Скопин-Шуйский. Похищение престола
Шрифт:

— Спасибо, хлопцы, — поблагодарил Болотников и, взглянув на пленника, понял, что тот в великом страхе находится, пригласил его сесть почти дружелюбно, спросил: — Как звать-то?

— Иван.

— Значит, мы с тобой тезки, выходит.

— Выходит, — как эхо повторил пленный.

Болотников улыбнулся:

— Ты чем занимаешься, Иван, по мирному делу?

— Торгую я.

— Чем торгуешь?

— Чем придется, по осени овощами, зимой пирогами.

— Выходит, купец ты?

— Выходит, так.

— Что ж, у Шуйского ратников мало, что до купцов добрался?

— Верно.

Ратников у него нехватка. Всех под метлу метет: и холопей, и торговых людей, и даже бродяг.

Болотников налил кружку сыты, кивнул пленнику:

— Выпей, Иван, промочи горло. Со страху-то поди пересохло оно?

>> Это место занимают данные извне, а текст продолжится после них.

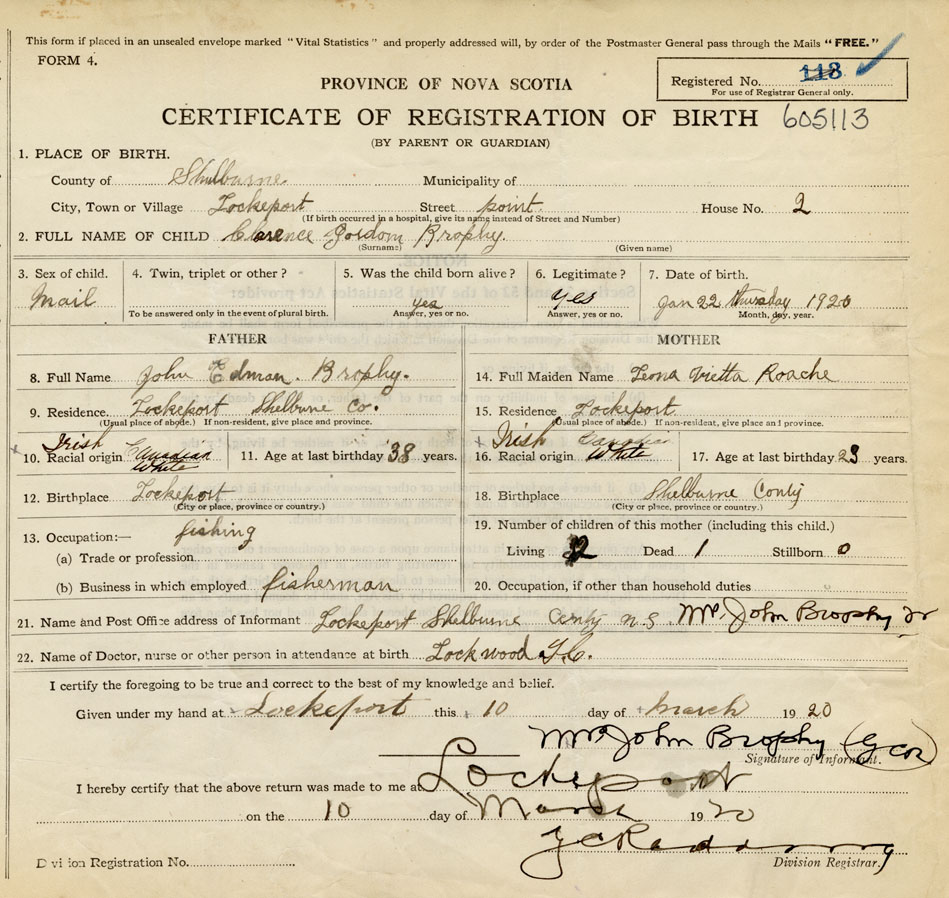 21. Name and Post Office address of Informant Mrs. John Brophy Lockeport, Shelburne County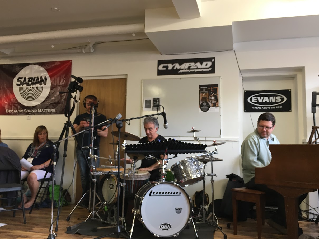 Mario DeCiutiis wowed the participants with his latest innovation: the JamKAT’R – a banjo-shaped electronic hand percussion instrument with incredible sounds and surprises. And speaking of surprises, a surprise class was inserted in the schedule by the infamous rocker, Jerry Mercer of the Canadian group April Wine, which was inspirational for those who know the history of this legendary group. The week continued with the incomparable Glen Velez who taught Asian and Arabic frame drum techniques and hypnotized everyone with his interactive vocalization and Central Asian overtone singing. Vovo Saramanda, Brazilian master percussionist, taught Brazilian rhythms and worked with the participants on Brazilian Batucada Ensemble. As the week progressed, KoSA reserved another surprise for the participants – a special concert/presentation delivered by Nanny Assis – an award-winning singer/songwriter, percussionist and drummer. He was accompanied by his trio members, Leonardo Lucini on bass and the superbly talented KoSA Faculty alumni, Arthur Lipner on vibes and marimba. This performance was so completely moving, none wanted this magical evening to come to an end.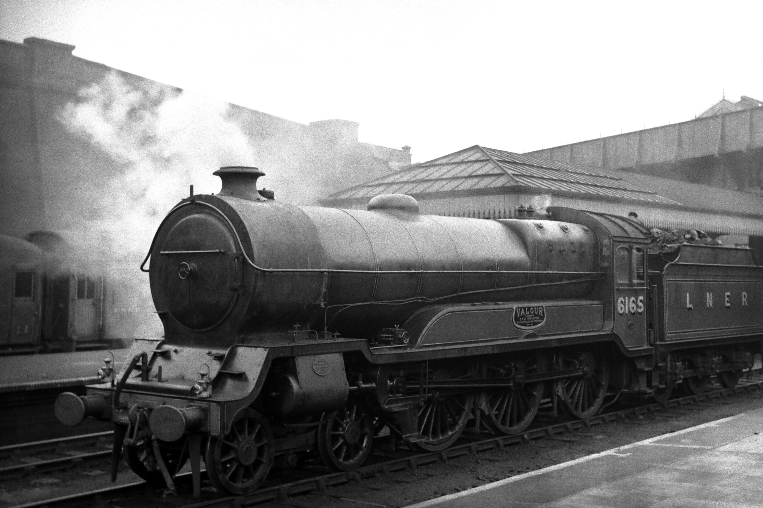 August1938.Thiscloseupofex-GCRClass9P(LNERClassB3)4-6-0No6165 Valour atNottinghamVictoriastationshowsclearlythepowerfullinesofthis class.This4-cylinderdesignofexpresspassengerlocomotivesawonlysixexamplesbeingconstructed,allutilisingStephensonvalvegear,atGortonWorks withNo6165enteringservicein1920.OveraperiodofyearsfourmembersoftheclasswererebuiltwithCaprottivalvegear,butNo6165,alongwithclass premierlocomotiveNo6169,escapedthischange. Valour wasnamedinmemoryoftheGCRstaffwhodiedduringtheFirstWorldWarandwouldbewithdrawnin 1947.(GB615)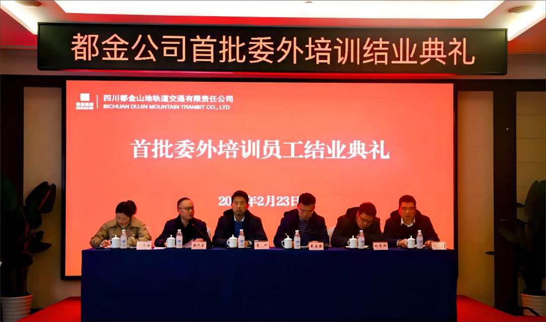 2月23日,都金公司組織召開首批委外培訓員工結業典禮,統籌開展運營管理委外培訓結業工作。都金公司黨委書記、董事長李洲,成都交通高級技工學校副校長、成都軌道教育科技有限責任公司執行董事、總經理袁嘉駿出席會議并講話,都金公司黨委副書記、董事、總經理徐代宏主持會議。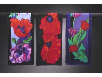 The winning bidder will receive a hand painted silk scarf by Mary Sly. The artist writes: "Every one of my colorful, hand painted scarves, are made, one at a time. I freehand my designs directly onto the heavy, luxurious, long lasting 100% silk charmeuse fabric, then paint that design with fabric dyes. Each individually painted floral has bright, bold colors, is steam set, and hand washable. Size is approximately 9"x54". You get to select from my inventory of these scarves when you pick up your item."

— Есть маненько, — сознался пленный, неспешно потянувшись за кружкой.

— Бери, бери, — ободрил Болотников. — Не укушу.

Пленный жадно выпил.

— Спасибо, атаман.

— Я, Ваня, не атаман, а воевода государя Дмитрия Ивановича.

— Спасибо, воевода, — поправился пленный.

— А скажи, Ваня, что там у Мстиславского нынче за возня была? Куда полки уходили?

— Князя Скопина к Серпухову послал, а Татева с Черкасским на Тулу.

— На Тулу? Зачем?

— Да гонца ихнего перехватили с грамотой. Вроде от Тулы кто-то идет к тебе на выручку.

— Откуда ты узнал про гонца?

— Так его повесили посередь лагеря и сказали, мол, воровской гонец из-под Тулы.

— Так. Хорошо, Иван. Спасибо.

— Не за что, воевода.

— Нет, брат, есть за что. Есть. За это я тебя отпускаю, но с условием одним.

— Каким?

— Сейчас узнаешь. Ермолай, — позвал Болотников. — Ты сдох, что ли? — повысил голос. — Ермолай, чертяка!

— Ну чего? — явился заспанный писарь. — Ни ночью ни днем покоя.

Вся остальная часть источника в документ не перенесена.